### WHAT YOU WILL DO:
Retype, word for word, only the lines from the one containing "Отдам бесплатно детские" through the last line of the listing below. Pictures do not belong in the result.

### DATA BLOCK:
# # # #

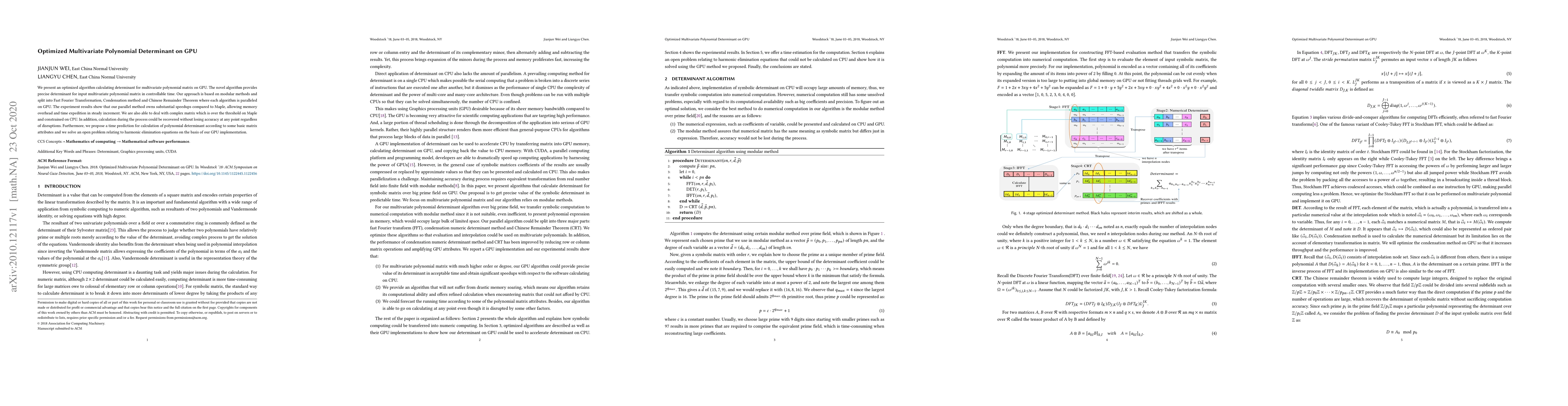 We present an optimized algorithm calculating determinant for multivariate polynomial matrix on GPU. The novel algorithm provides precise determinant for input multivariate polynomial matrix in controllable time. Our approach is based on modular methods and split into Fast Fourier Transformation, Condensation method and Chinese Remainder Theorem where each algorithm is paralleled on GPU. The experiment results show that our parallel method owns substantial speedups compared to Maple, allowing memory overhead and time expedition in steady increment. We are also able to deal with complex matrix which is over the threshold on Maple and constrained on CPU. In addition, calculation during the process could be recovered without losing accuracy at any point regardless of disruptions. Furthermore, we propose a time prediction for calculation of polynomial determinant according to some basic matrix attributes and we solve an open problem relating to harmonic elimination equations on the basis of our GPU implementation.
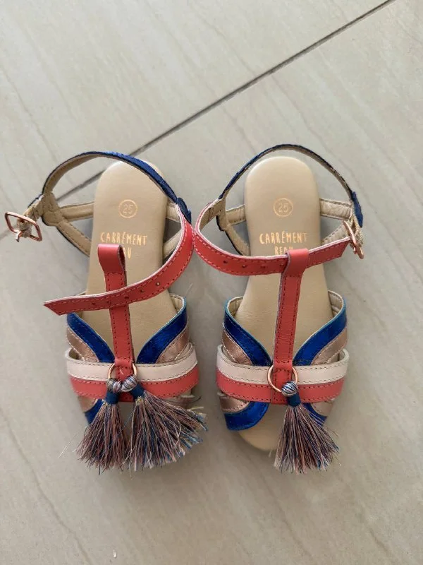 Отдам бесплатно детские сандалики 25 размер (маломерки, на худую ножку), кожа. Бренд Carrément beau. Дочка надела один раз и оторвала кисточку каким-то образом.
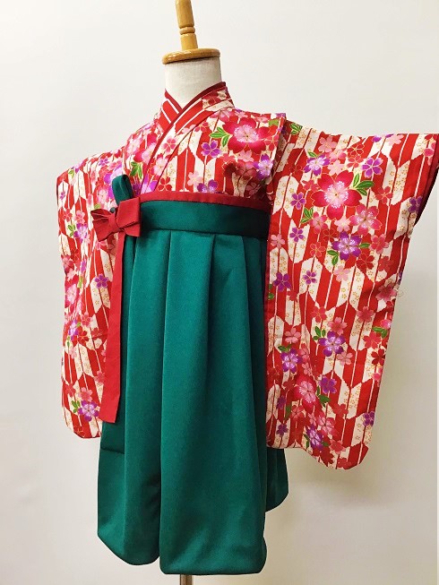 神奈川県W.N様 ご注文商品(着物風カバーオール)≪矢絣桜(赤)×深緑≫

# # # #

### RESULT OF THIS EXERCISE:
 Отдам бесплатно детские сандалики 25 размер (маломерки, на худую ножку), кожа. Бренд Carrément beau. Дочка надела один раз и оторвала кисточку каким-то образом.
 神奈川県W.N様 ご注文商品(着物風カバーオール)≪矢絣桜(赤)×深緑≫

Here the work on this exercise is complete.